Blickling is a village and civil parish in the Broadland district of Norfolk, England, about  north-west of Aylsham. According to the 2001 census it had a population of 136 and covers , falling to 113 at the 2011 Census.  Since the 17th century the village has been concentrated in two areas, around the church and also at the park gates of Blickling Hall. Most of the village is contained in the Blickling Estate, which has been owned by the National Trust since 1940.
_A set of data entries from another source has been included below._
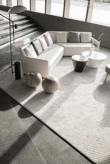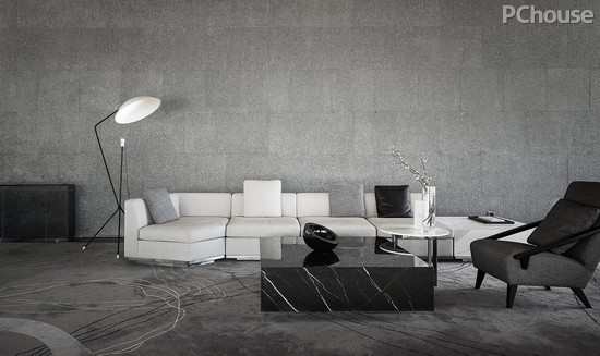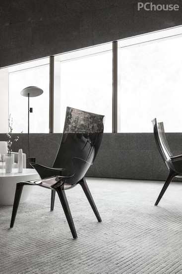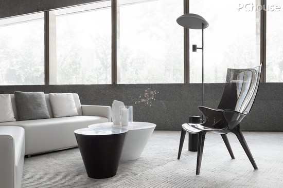 家具造型呼应建筑体量的几何线条感,纯白简灰的极简色调,与通透的理石面、黑色的静穆搭配,呈现一种坚硬与柔软并存、光洁与粗重并呈的特殊质感。纤柔的花艺同样以极少的艺术寂静地存在,编织出空灵朴拙的安静感与美。
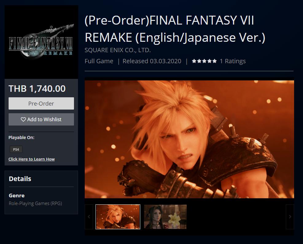 ค่ายเกมชื่อดัง SQUARE ENIX ประกาศวันวางจำหน่ายสุดยอดเกมในตำนานที่นำกลับมาสร้างใหม่ อย่าง FINAL FANTASY® VII REMAKE ในวันที่ 3 มีนาคม ปี 2020 สำหรับการเล่นในระบบของ PlayStation®4 เปิดรอบ Pre-Order ผ่านระบบดิจิทัลแล้ววันนี้ที่ PS Store ซึ่งแต่ละชุดจะมีราคาดังนี้
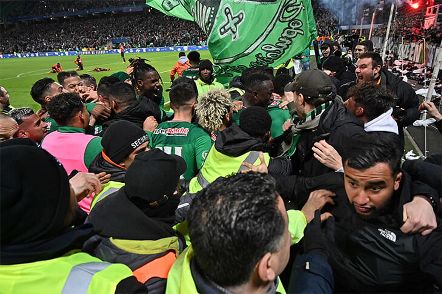 Кубковый успех особенно радостен, потому что «Сент-Этьен» проводит плохой сезон. Команда вылетела из Лиги Европы, осенью сменила тренера (теперь командой рулит знаменитый Клод Пюэль) и несмотря на кучу известных имен в составе (Кабай, Дебюши, Мвила, Хазри, Салиба) всерьез рискует вылететь (от переходных матчей – всего 2 очка). Из последних 12 матчей в лиге 1 «Сент-Этьен» проиграл 9, в том числе – в дерби «Лиону» в прошлые выходные. Там болельщики обеих команд тоже отличись, устроив потасовки и беспорядки.
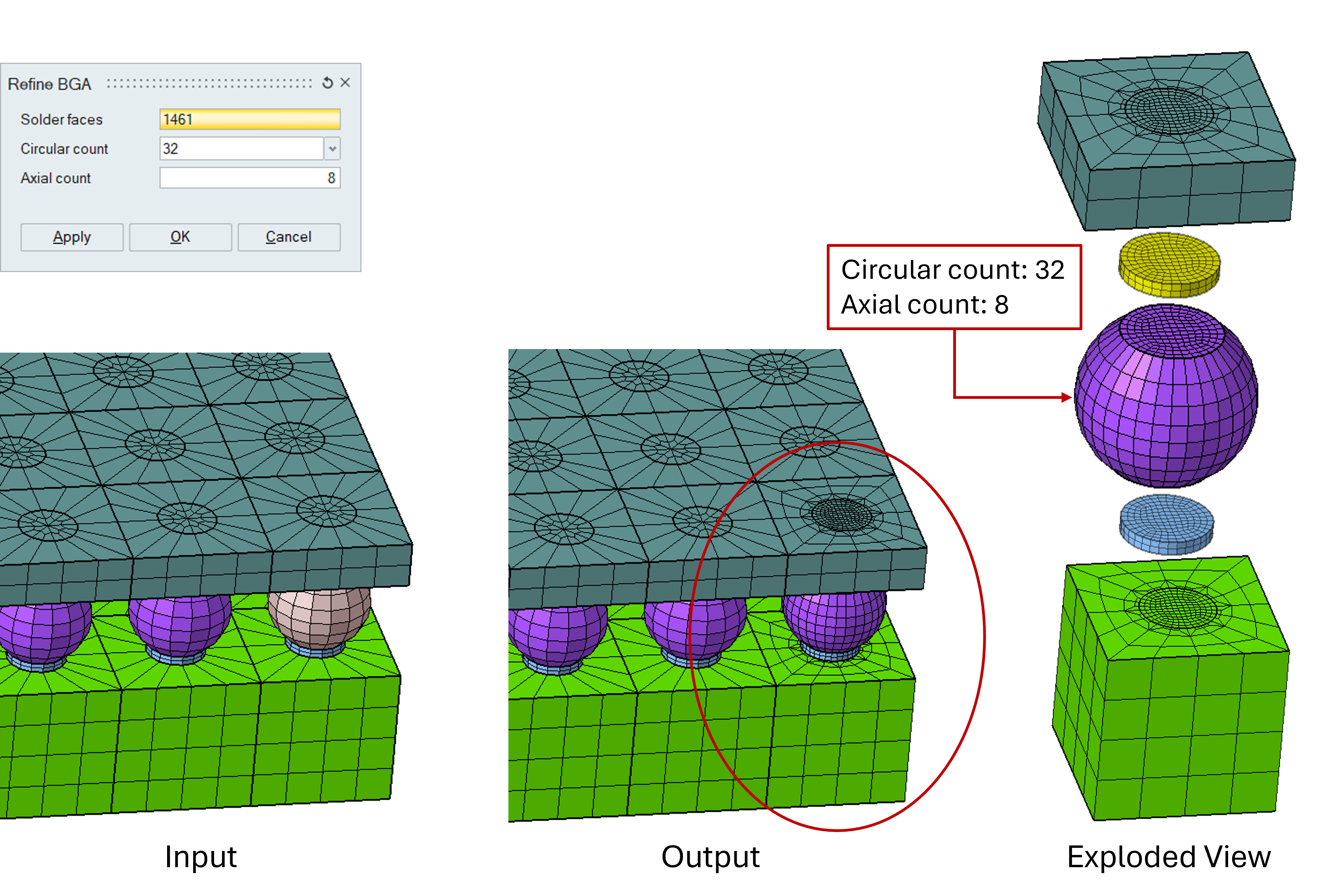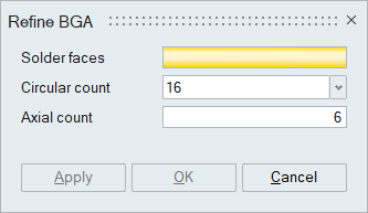 This tool is used to refine the BGAs on the regions of interest. After refinement, the BGA mesh pattern is updated on the copper pads, package, and board. BGA refinement is supported for all the BGA mesh types created in SimLab. For more details, please refer Create BGA.
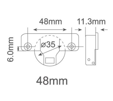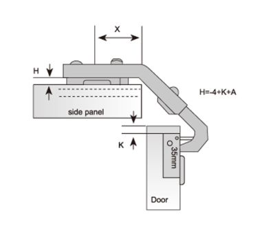 Open degree: 135° Height of hinge cup: 11.3mm Diameter of hinge cup: 35mm Distance from door edge to the cup (K): 3-7mm Recommend door thickness: 14-23mm
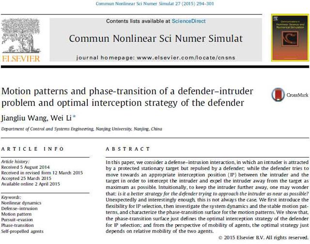 另悉,2015年4月,biwn必赢2015届本科毕业生王江柳同学以第一作者在《非线性科学与数值模拟通讯》(Communications in Nonlinear Science and Numerical Simulation)发表论文,根据中国科学技术信息研究所发布的SCI期刊分区,该期刊同属SCI一区刊物。该论文为进攻防守问题的推广和应用提供了新的思路,期刊一审即被录用。

The villages name means 'Blicla's people'.

Historic buildings

The parish has many farmhouses, cottages and buildings, several of them are Grade II listed. This gives the parish an immense variety and also provides an unusually complete picture of vernacular Norfolk architecture.

Listed properties
St Andrew's Church is located on a knoll close to the entrance of Blickling Hall. The flint and limestone 15th century Grade II* church was substantially remodelled in the 19th century. Surviving from the medieval building is the collection of brasses, several are to the Boleyn family and Anne Boleyn. Sir Nicholas Dagworth (b.1390 an early owner of the hall) is buried in the church and marked by a tombstone. Also of note is the memorial to the eighth Marquess of Lothian by George Frederick Watts, and a memorial to the widow of the eighth marquess by Arthur George Walker.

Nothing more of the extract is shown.